Sunday, February 28
On our very first game drive (Friday afternoon/evening), we saw three of the Big Five (lion, elephant, and rhino). We saw the fourth at lunch yesterday, but it was a sad experience, rather than a thrilling one.

Meals here take place in an open-sided wooden pavilion that houses a polished wood table.that can accommodate 16 in a pinch. We had finished our tuna/pasta salad and Greek salads and were chatting with June (the owner), when some movement in the trees nearby caught my eye. A moment later, an enormous animal emerged from the thicket. It was one of the two old male Cape Buffalos who’ve been frequenting the camp – the injured one. June says he first showed up about two months ago, and something appeared to be wrong with one of his eyes. Although that seemed to clear up, he also somehow hurt his right front leg, and when he appeared yesterday, it looked broken. He would put a little weight on it, then stumble, and try to walk on just the three remaining legs. That’s not easy, when you weigh close to a ton.

He moved into a patch of trees perhaps 200 yards away from us and lowered his head to drink from a puddle there. We, in turn, silently moved outside to stare at him in wonder. Next to him, an ordinary fighting bull would look like some kind of a miniature breed. His horns were fearsome enough to rip someone apart by accident, say if he merely shook his head too close to anyone in his vicinity. It was obvious we needed to keep our distance from him, but equally obvious that he would probably die soon. No animal so grievously injured could survive for long in the wild.

June appeared to be as anguished as I felt, at the sight of his suffering. She commented that if a car had hit him and accidentally broken his leg, the Madikwe park administration would order him euthanized. But since he had broken it naturally, their policy was to refrain from intervening in any way. Mandy from Joburg shook her head and curtly approved. “It’s nature,” she said.

This is the second visit to Mosetlha for Mandy and her jovial husband Rene, but they’ve done innumerable game drives in other places (including Kruger). Rene, who was born and educated in Zurich but immigrated to South Africa 26 years ago, hates actual on-the-ground camping. (His parents apparently dragged him and his siblings off to European campgrounds almost every weekend of his childhood.) But he and Mandy have a reverence for everything about the African bush – from the smell of the air to the antics of its smallest insect inhabitants.

Like them, I love it here because Mosetlha gives us the access to nature provided by camping but spares us all of the unpleasantness. Our beds are as padded and inviting as my bed at home. At night we let down the mosquito nets, which protect us more from any worry about potential nocturnal bedmates than actual ones. (The anopheles mosquito, which carries malaria, doesn’t live in this province of South Africa.)

We have plastic chamber pots for use after bedtime (since a trip to the composting toilet might lead to an unwanted encounter with an animal).
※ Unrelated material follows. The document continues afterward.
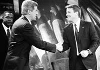 En el debate del domingo, Edwards trató de aplacar los comentarios de que buscaba ser el compañero de fórmula del senador Kerry. Las recientes encuestas mostraron que la fórmula Kerry-Edwards podría derrotar fácilmente al equipo Bush-Cheney. Cuando se le preguntó por esto, respondió rápidamente: “Oh no. Lejos de eso”. Parecía ansioso por resaltar su opinión al hacer observaciones inusualmente duras hacia el favorito, sosteniendo que el senador Kerry había votado malos acuerdos comerciales para los estadounidenses y que sus propuestas sobre temas que iban desde la salud a la educación “nos llevarán más y más profundamente al déficit”. Al devolver el fuego, Kerry, un veterano con 19 años de Washington, destacó la relativa inexperiencia de su rival, que sólo cumplió un término en el Senado de Estados Unidos. Lo que Estados Unidos necesitaba, dijo, era alguien con “probada habilidad para pararse y soportar las peleas duras”.

But when I have used the toilet during daylight hours, I’ve never smelled the normal odors that I associate with such installations. Even though there’s no running water, Chris (a civil engineer by training) has installed a marvelous system for providing us with hot showers. (This involves filling a bucket with water from a portable tank, pouring it into a little wood-burning “donkey stove” that instantly raises the temperature to near boiling, mixing that with enough cold water to make the temperature just right, pouring all that into a bucket in one of the shower stalls, raising it by ropes, and then controlling its egress through a shower head by means of a little hand valve.)

The electrified fence that discourages elephants from entering the camp is solar-powered. The refrigerators that cool our beers and bottled water runs (somehow) on kerosene, and kerosene fuels the lanterns that softly illuminate everything here after dark. It’s all so ingenious, the infrastructure alone could be a tourist attraction. But the daily spectacle of the park’s non-human inhabitants takes center stage in that department.

As for the injured buffalo, he was gone from sight this morning. But June says he and his able-bodied buddy aren’t far. I’d like to see them again before we depart for our return to Johannesburg, now less than 24 hours from now.